Nope, for lots of reasons. There’s one reason why that hasn’t been mentioned. Companies can issue new stock.
Let’s say 5 people each own 100 shares each, and those 500 shares constitute 100% of the shares of the company. The 5 shareholders then pay a bank to come in and say how much those shares are worth. The bank says $1. So the company is worth $500 and each owner has a $100 chunk.
Then those 5 people all agree that the company will generate — and then sell — 100 more shares to whomever else wants them. They decide to use a popular public market to sell those shares so they can get a good price. They “go public.”

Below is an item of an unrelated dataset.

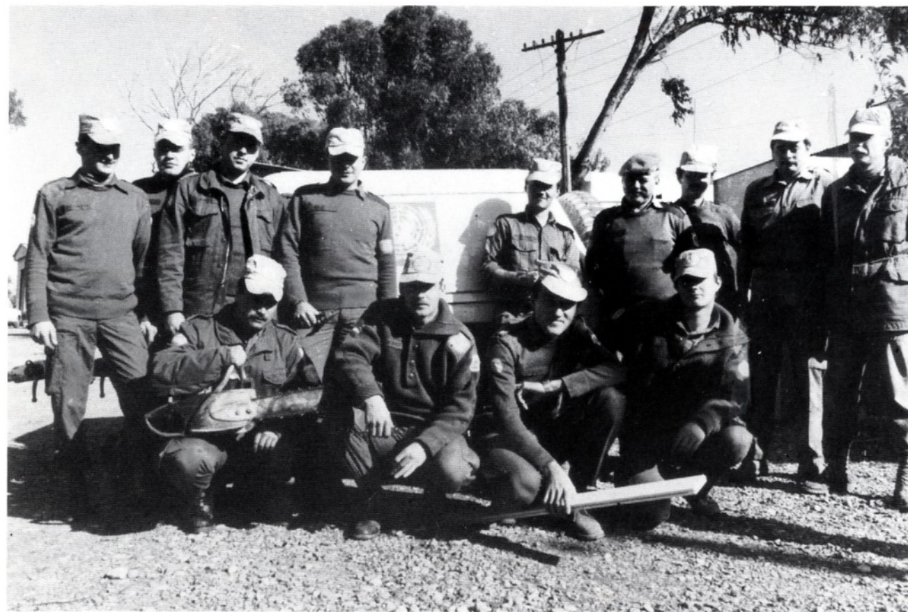
A rare sight – AUSCON engineers not working!

Those shares are popular because lots of people think the company is worth more than $500. The new sharesbstart selling for a bit more thwn $1, then, as more are sold, $1.50. By the time the 100th new share is sold, the price is $2. At the end of the “offering” of these 100 shares, each original owner has a chunk worth $200, and most of the people who bought those 100 new shares also benefited from the rising prices (the people who bought for less than $2). Virtually everyone wins, as long as they don’t all turn around and try selling these suddenly-more-valuable shares at the same time.
It’s way more complicated than that, eg a bank needs to act as the seller of those 100 shares, there’s a lot of money spent and due diligence researched and drama that happens, but basically it’s not uncommon for everyone to win, and for a long ass time, too.